[Given data Boundary: Start]

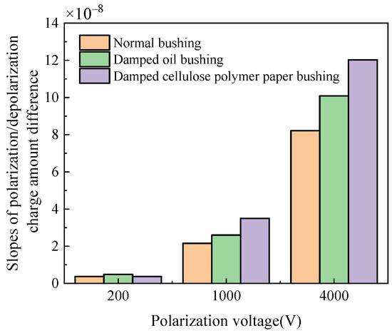 The slopes of the polarization/depolarization charge amount difference at 200 V, 1000 V and 4000 V are shown in Figure 16. It is indicated that the slopes at larger applied DC voltage are much higher and more distinguished than those at lower applied DC voltages, which indicates that the moisture condition can be confirmed by the slope of charge amount difference curve at high applied DC voltage in PDC test.
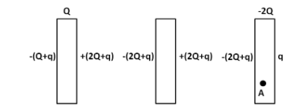 ${E_A} = \dfrac{{ - \left( {Q + q} \right)}}{{A{\varepsilon _0}}} + \dfrac{{\left( {2Q + q} \right)}}{{A{\varepsilon _0}}} - \dfrac{{\left( {2Q + q} \right)}}{{A{\varepsilon _0}}} + \dfrac{{\left( {2Q + q} \right)}}{{A{\varepsilon _0}}} - \dfrac{{\left( {2Q + q} \right)}}{{A{\varepsilon _0}}} - \dfrac{q}{{A{\varepsilon _0}}}$
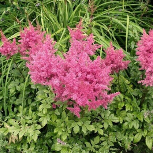 Астильба Арендса «Анита Пфейфер» (Anita Pfeifer) – популярный декоративный сорт астильбы, который высоко ценится за изысканные соцветия нежно-розового цвета и продолжительное цветение. Это многолетнее травянистое растение, достигающее во взрослом состоянии высоты 60-80 см при диаметре куста 40-50 см, формируя компактный, пышный куст с ажурной листвой. Соцветия крупные (длиной 20-25 см), ромбические, пушистые, нежно-розового цвета с лососевым оттенком. Листья темно-зеленые, сложно-перистые, блестящие, создающие эффектный контраст с воздушными соцветиями.
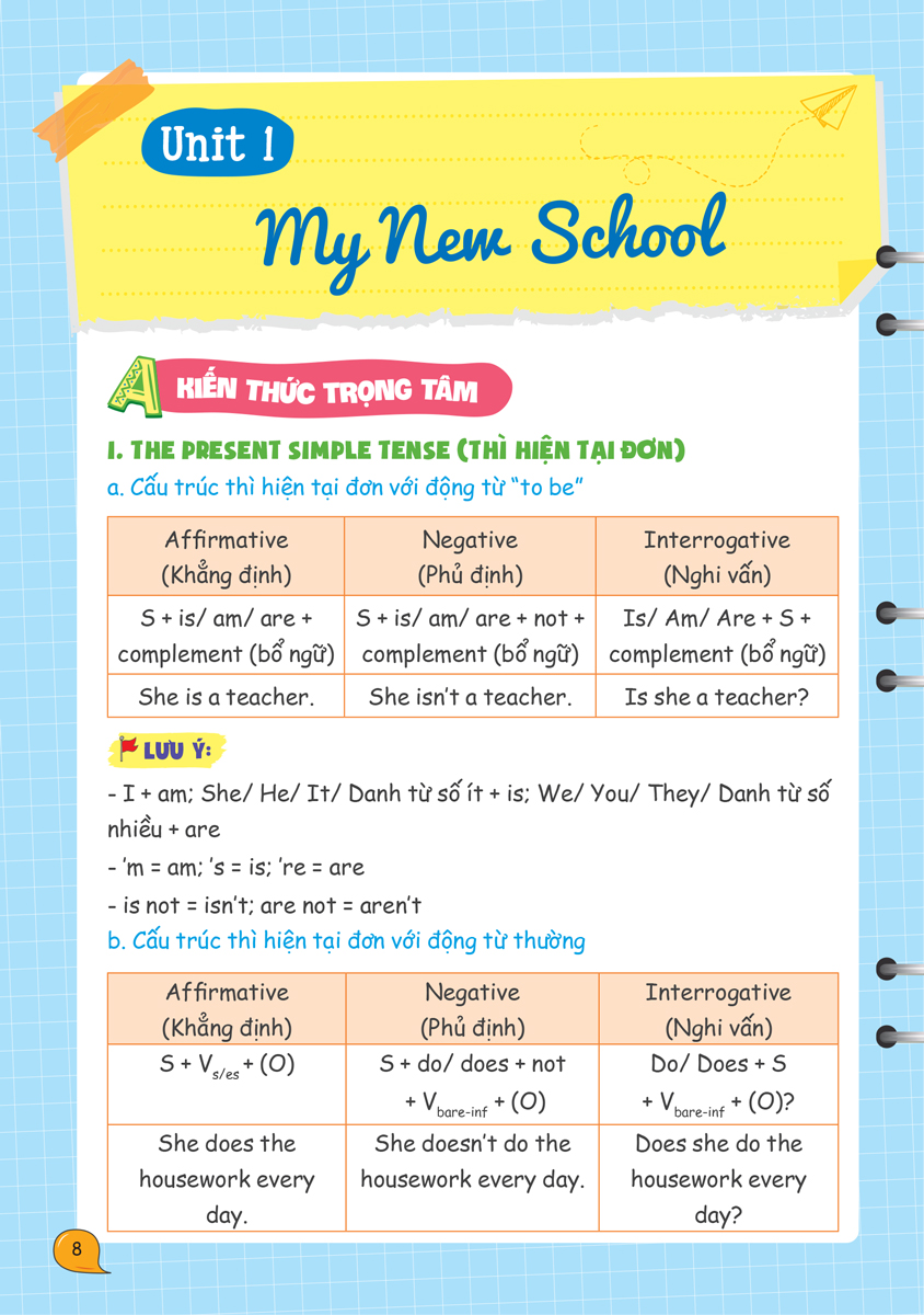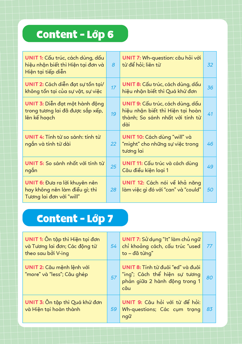 - Sách hệ thống các kiến thức trọng tâm của chương trình học Cuốn sách bám sát khung chương trình Tiếng Anh Trung học cơ sở của Bộ Giáo dục và Đào tạo chia làm các chủ đề tương ứng với chương trình học tiếng Anh của ,, , Cuốn sách giới thiệu các cấu trúc ngữ pháp tiếng Anh một cách ngắn gọn, trọng tâm, có kèm ví dụ minh họa cụ thể giúp các em dễ dàng ghi nhớ và vận dụng.

[Given data Boundary: End]

Exercise directions –
Transcribe only the lines from the one holding "с воздушными соцветиями." through the last line of the listing above, inclusive, and do not include the pictures.

Reply to the task –
 Астильба Арендса «Анита Пфейфер» (Anita Pfeifer) – популярный декоративный сорт астильбы, который высоко ценится за изысканные соцветия нежно-розового цвета и продолжительное цветение. Это многолетнее травянистое растение, достигающее во взрослом состоянии высоты 60-80 см при диаметре куста 40-50 см, формируя компактный, пышный куст с ажурной листвой. Соцветия крупные (длиной 20-25 см), ромбические, пушистые, нежно-розового цвета с лососевым оттенком. Листья темно-зеленые, сложно-перистые, блестящие, создающие эффектный контраст с воздушными соцветиями.
 - Sách hệ thống các kiến thức trọng tâm của chương trình học Cuốn sách bám sát khung chương trình Tiếng Anh Trung học cơ sở của Bộ Giáo dục và Đào tạo chia làm các chủ đề tương ứng với chương trình học tiếng Anh của ,, , Cuốn sách giới thiệu các cấu trúc ngữ pháp tiếng Anh một cách ngắn gọn, trọng tâm, có kèm ví dụ minh họa cụ thể giúp các em dễ dàng ghi nhớ và vận dụng.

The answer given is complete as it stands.